LCMS bioanalysis of LNP lipids was as described previously, focusing on cationic/ionizable lipids and PEG lipids. Due to structural differences between them, the molecular weight of cationic lipids/ionizable lipids is generally within 1 kDa, while the molecular weight of PEG lipids is up to 2~5 kDa after carrying modification groups, which brings about a significant difference in chromatographic retention and mass spectrometry response.

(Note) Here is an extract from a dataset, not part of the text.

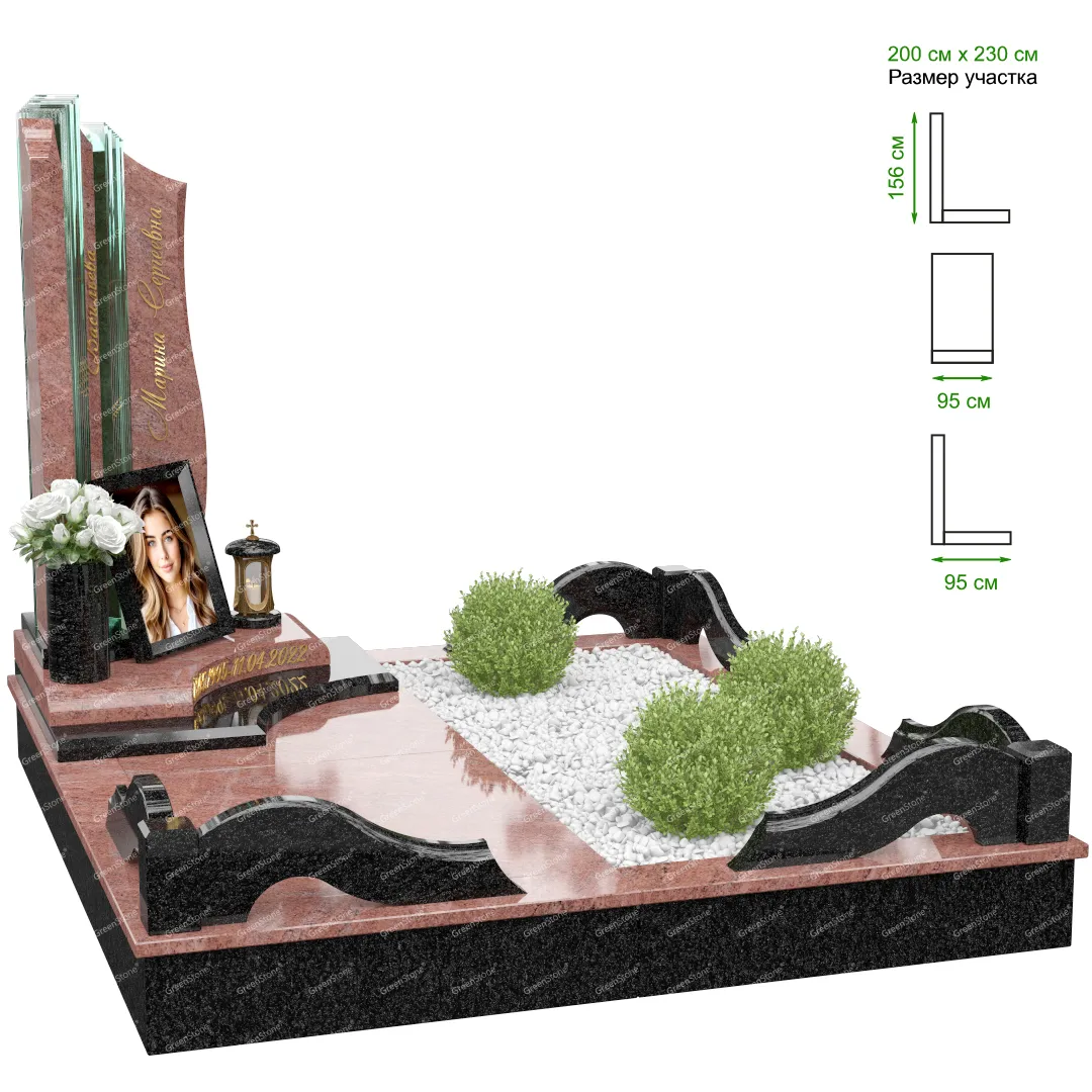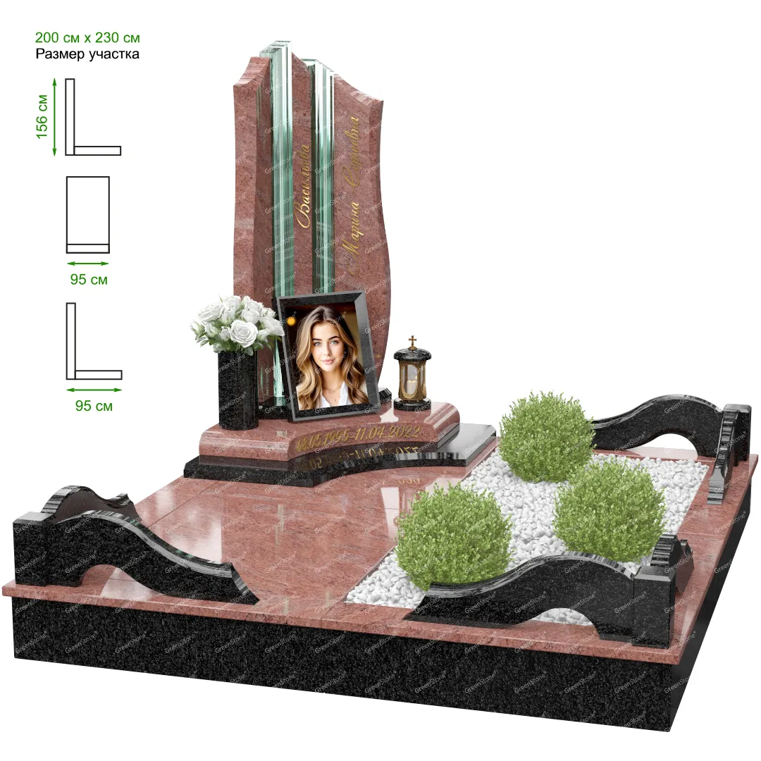 Визуально комплекс отличается от типовой формы не только формой, но и размерами. Массивная стела позволяет дизайнеру реализовать практически любые задумки и пожелания Заказчика, придать готовому изделию солидный вид, раскрыть все достоинства использованного в его изготовлении гранита. Такой габаритный памятник требует профессиональной доставки и установки. Все это также можно заказать в мастерской Грин-Стоун.

The two pre-treatment methods (selection of extraction solvent, determination of dilution factor) fail to be effectively unified considering the different responses caused by higher contents of cationic lipids/ionizable lipids in LNP than PEG lipids. In addition, since there are many interference peaks around the peak position of PEG lipid, a long liquid phase separation gradient is often required for effective separation, which fails to guarantee high analysis efficiency. Therefore, it is advisable to set up a separate PEG lipid detection during the biological analysis method. At the same time, cationic/ionizable lipids and PEG lipids also have common difficulties in the method development process of lipid components. For example, lipid components generally have poor solubility in water, are unstable in biological matrices, and undergo protein binding. This leads to over-limit recovery, high interference and residue of PEG lipids, changes in the stability of lipids in real sample plasma, and difficulty in internal standards selection.
A Final Word
LNPs play a critical role in advanced therapy drug delivery and their bioanalysis using LCMS technology. Advanced therapies aim to treat genetic diseases by delivering DNA or RNA to correct defective genes or inhibit harmful gene expression, but challenges like degradation in the body and poor membrane penetration persist. To overcome these, LNPs, composed of ionizable lipids, phospholipids, cholesterol, and PEG lipids, offer advantages over traditional liposomes, including better stability, reduced immune responses, and efficient delivery through pH-dependent charge modulation. Regulatory authorities mandate rigorous safety and pharmacokinetic evaluations of both the gene sequences and novel lipid components. However, analytical challenges like poor solubility, instability in biological matrices, and interference peaks necessitate specialized LCMS strategies, including separate detection of PEG lipids and tailored methods for lipid analysis. This emphasizes LNPs’ potential in advancing these therapies while addressing the complexities of their bioanalysis.